В доме прохладно и темно. После ослепительно яркого солнца на улице меня бросает в дрожь. Алекс притягивает меня к себе. Я наконец-то привыкла к тому, что он ко мне прикасается, и уже больше не вздрагиваю и не оглядываюсь по сторонам, когда он наклоняется, чтобы поцеловать меня.

— Хочешь потанцевать? — предлагает Алекс.

— Отстань, ты. — Я в шутку отталкиваю его от себя.

В таком тихом месте как-то жутковато говорить громко. До нас как будто откуда-то издалека долетает голос Ханы.
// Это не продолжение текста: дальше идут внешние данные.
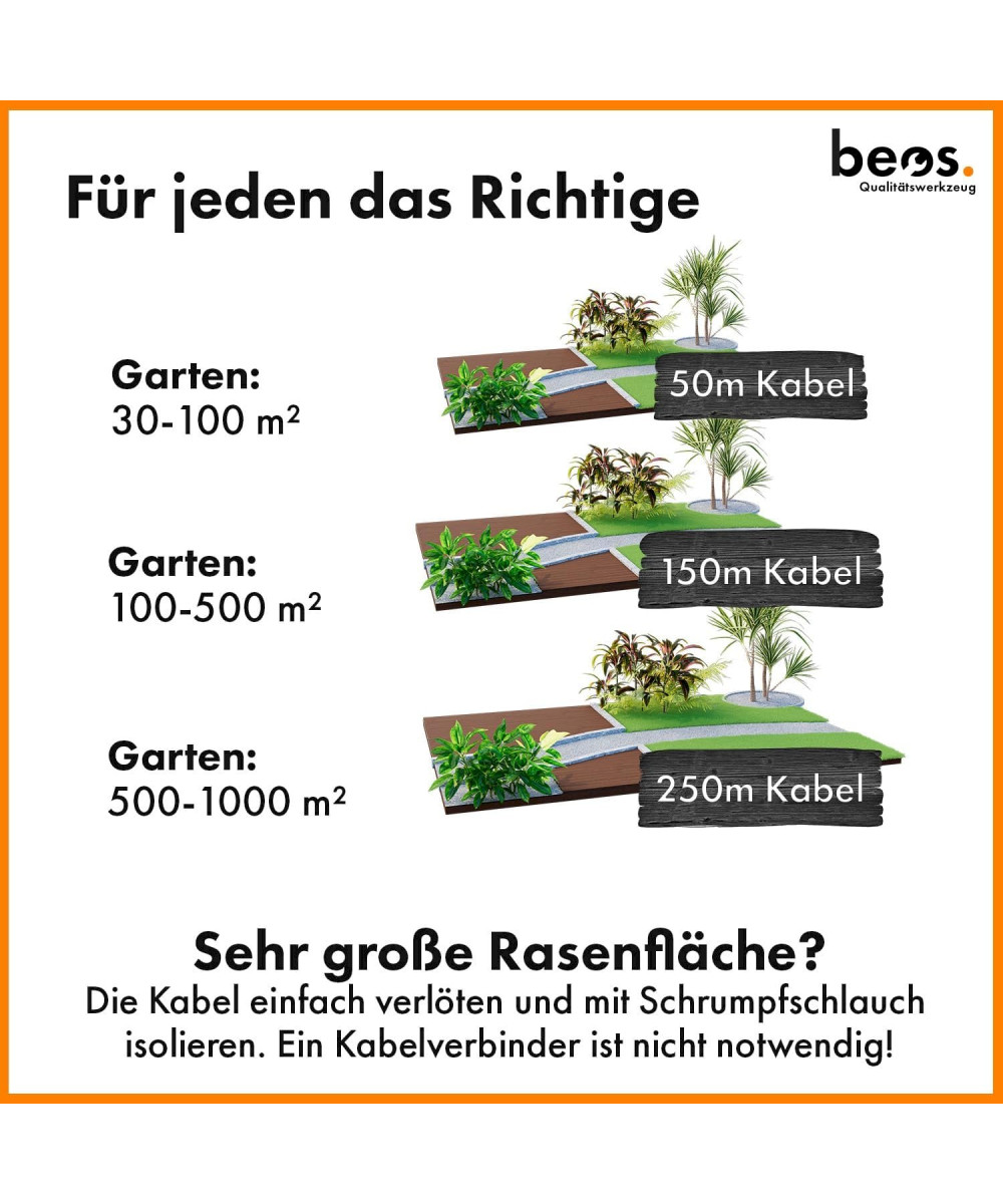 BEOS PREMIUM Begrenzungskabel für Mähroboter 150m Ø2.7mm Kompatibel mit Rasenroboter von Worx, Gardena, Husqvarna, Bosch,
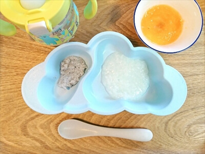 機嫌が悪くなるとサツマイモ粥も食べてくれなくなりました。
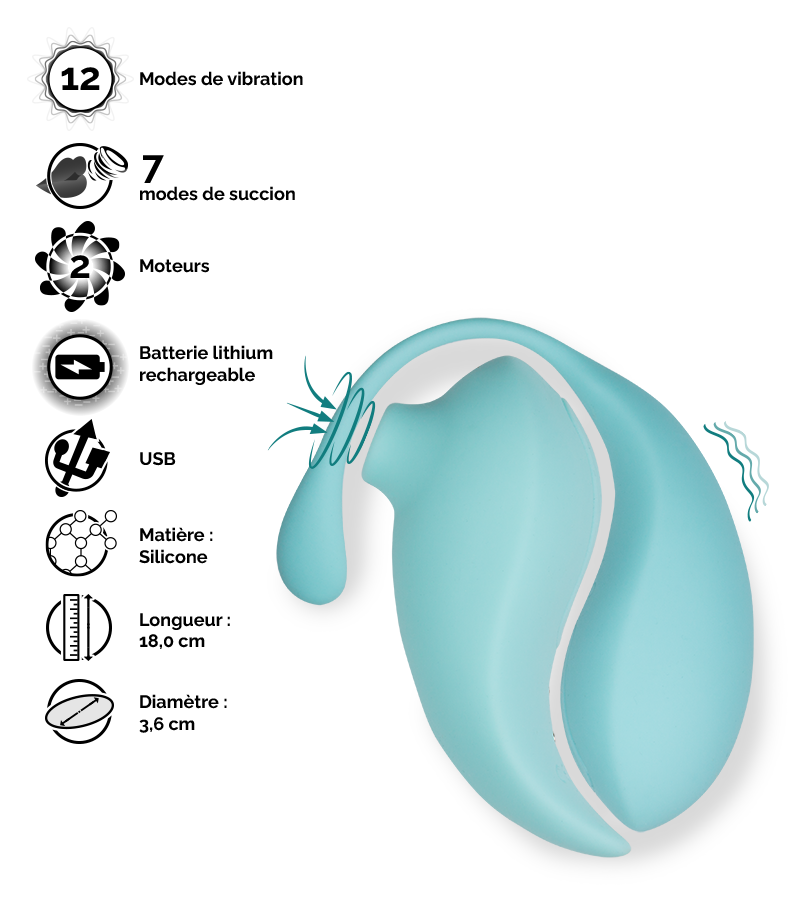Cet œuf vibrant possède des courbes parfaites pour masser votre point G comme personne au rythme du mode choisi parmi les 12 modes de vibrations proposés. Et parce qu’une double stimulation en vaut mieux qu’une, cet œuf vibrant est accompagné d’une télécommande qui pourra venir aspirer votre clitoris si vous le souhaitez. Ce système d’aspiration augmente la pression sanguine dans votre clitoris pour booster votre excitation et votre sensibilité. Son petit bec suceur est également équipé de petits picots souples en silicone qui viendront chatouiller votre clitoris. Vous pourrez également choisir de faire l’impasse sur la stimulation clitoridienne pour profiter d’un moment complice avec votre partenaire en lui donnant la télécommande et en le laissant prendre le contrôle de votre plaisir.

Мне становится любопытно, насколько большой этот дом, сколько здесь задрапированных мраком комнат, где все покрыто толстым слоем пыли.

— Я серьезно, — говорит Алекс и протягивает ко мне руки. — Это идеальное место для танцев.

Мы стоим в центре комнаты, которая, должно быть, когда-то была гостиной. Помещение огромное, оно просторнее, чем весь первый этаж дома дяди Уильяма и тети Кэрол. Потолок теряется где-то в темноте, в проникающих через заколоченные окна лучах света смутно поблескивает гигантская люстра. Если внимательно прислушаться, можно услышать, как в стенах тихонько бегают мыши. Но почему-то у меня это не вызывает ни страха, ни отвращения. Это даже по-своему мило. Я начинаю думать о лесах, о бесконечном цикле «рождение — смерть — рождение», мы словно бы слышим, как дом сантиметр за сантиметром открывается перед нами.

— Здесь нет музыки, — возражаю я Алексу.

Алекс пожимает плечами, подмигивает мне и протягивает руку:

— Музыку переоценивают.

Я позволяю Алексу притянуть меня к себе, и теперь мы стоим друг против друга, моя макушка едва достает ему до плеча, и я слышу, как бьется его сердце. Этого ритма достаточно.

Лучшая часть дома тридцать семь по Брукс-стрит — это сад на заднем дворе. Огромная нестриженая лужайка и старые деревья, которые сцепляют над твоей головой кривые узловатые ветви. Солнечные лучи проникают сквозь этот купол из веток и высвечивают на лужайке пятна блекло-зеленого цвета. В этом саду чувствуешь себя как в тихой и прохладной школьной библиотеке. Алекс принес в дом одеяло, и, когда мы приходим сюда, мы стелем одеяло в саду. Порой мы втроем лежим на нем часами, болтаем ни о чем и смеемся. Иногда Хана и Алекс покупают что-нибудь съестное, и мы устраиваем пикник. Однажды мне удается стащить из магазина три банки содовой и целую упаковку шоколадных батончиков. От такого количества сладкого мы дуреем и резвимся, как дети, — играем в прятки, салки, чехарду…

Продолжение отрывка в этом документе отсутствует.